• _Exercise objective_: Pictures are to be excluded. Please print only the lines from the one containing "スピーチコンテストの後、英語" through the end of the data, exactly as they appear.

• _Input data_:
-- Opening Marker --

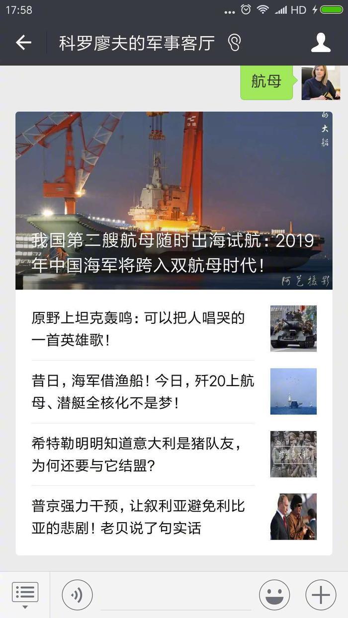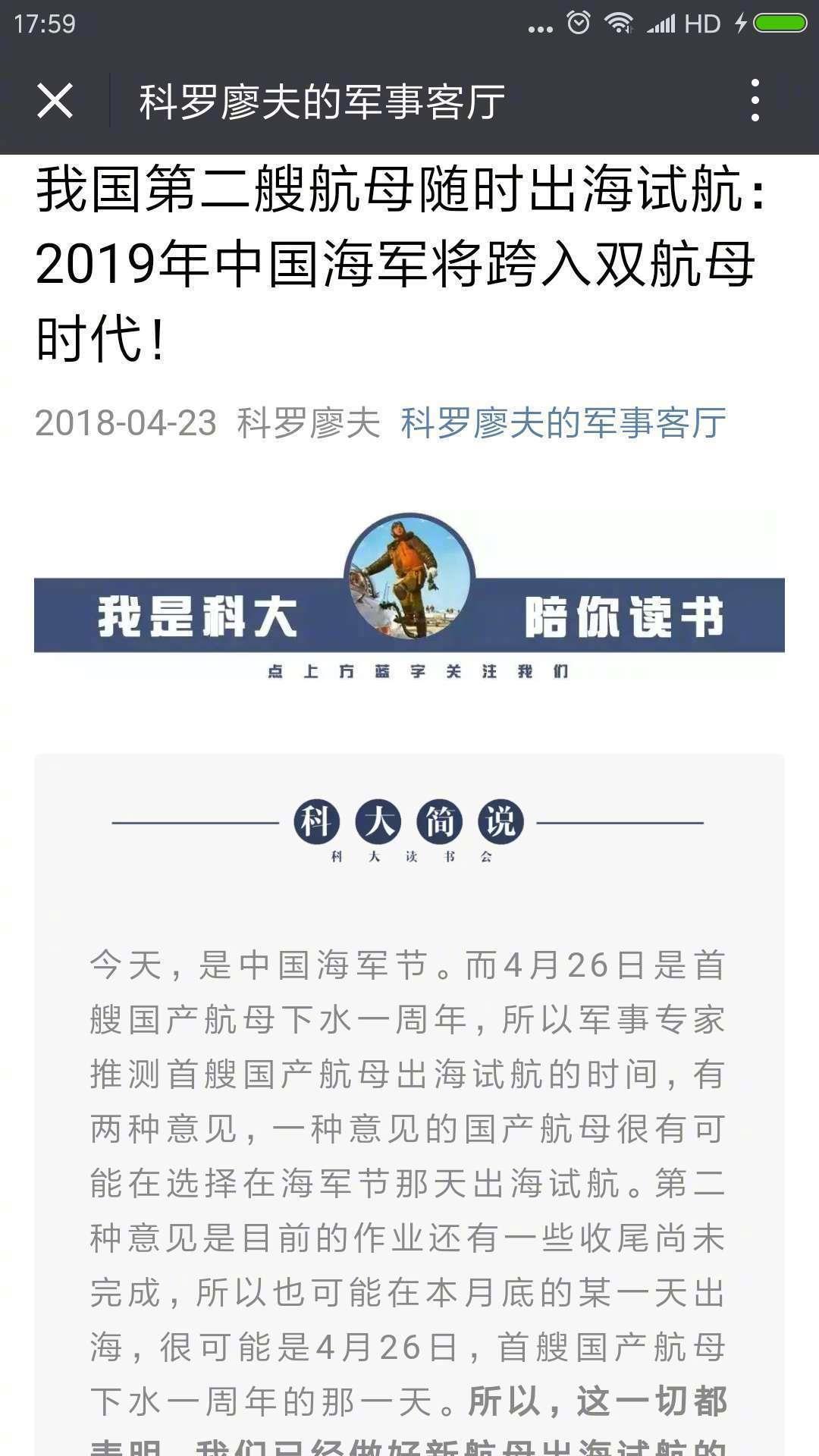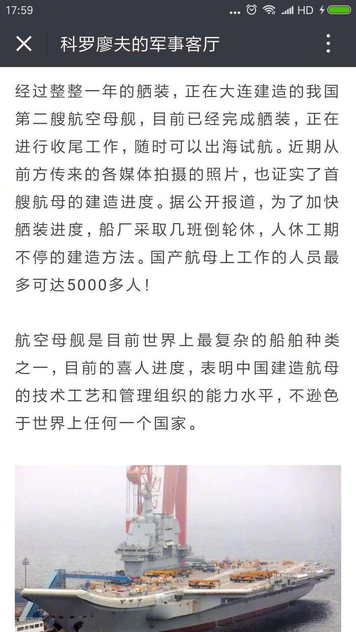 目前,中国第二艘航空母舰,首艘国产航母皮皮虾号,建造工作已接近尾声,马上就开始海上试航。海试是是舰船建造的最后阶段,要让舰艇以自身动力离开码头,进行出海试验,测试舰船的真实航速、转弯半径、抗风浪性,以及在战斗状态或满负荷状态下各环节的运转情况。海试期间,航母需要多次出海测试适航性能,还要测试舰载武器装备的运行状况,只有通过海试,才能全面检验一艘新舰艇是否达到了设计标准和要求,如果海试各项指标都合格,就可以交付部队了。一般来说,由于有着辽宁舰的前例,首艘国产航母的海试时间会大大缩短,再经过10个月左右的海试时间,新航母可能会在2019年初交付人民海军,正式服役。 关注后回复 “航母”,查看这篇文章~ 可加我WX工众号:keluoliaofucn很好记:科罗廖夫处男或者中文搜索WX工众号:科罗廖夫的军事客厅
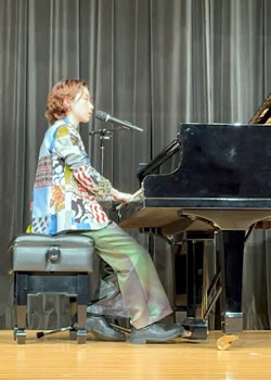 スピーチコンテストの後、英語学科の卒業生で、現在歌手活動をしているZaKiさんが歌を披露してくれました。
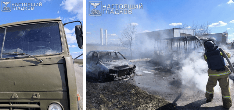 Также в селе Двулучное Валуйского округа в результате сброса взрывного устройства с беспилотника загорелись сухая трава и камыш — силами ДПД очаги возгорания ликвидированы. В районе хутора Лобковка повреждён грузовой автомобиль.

-- Closing Marker --

• _Response box_:
 スピーチコンテストの後、英語学科の卒業生で、現在歌手活動をしているZaKiさんが歌を披露してくれました。
 Также в селе Двулучное Валуйского округа в результате сброса взрывного устройства с беспилотника загорелись сухая трава и камыш — силами ДПД очаги возгорания ликвидированы. В районе хутора Лобковка повреждён грузовой автомобиль.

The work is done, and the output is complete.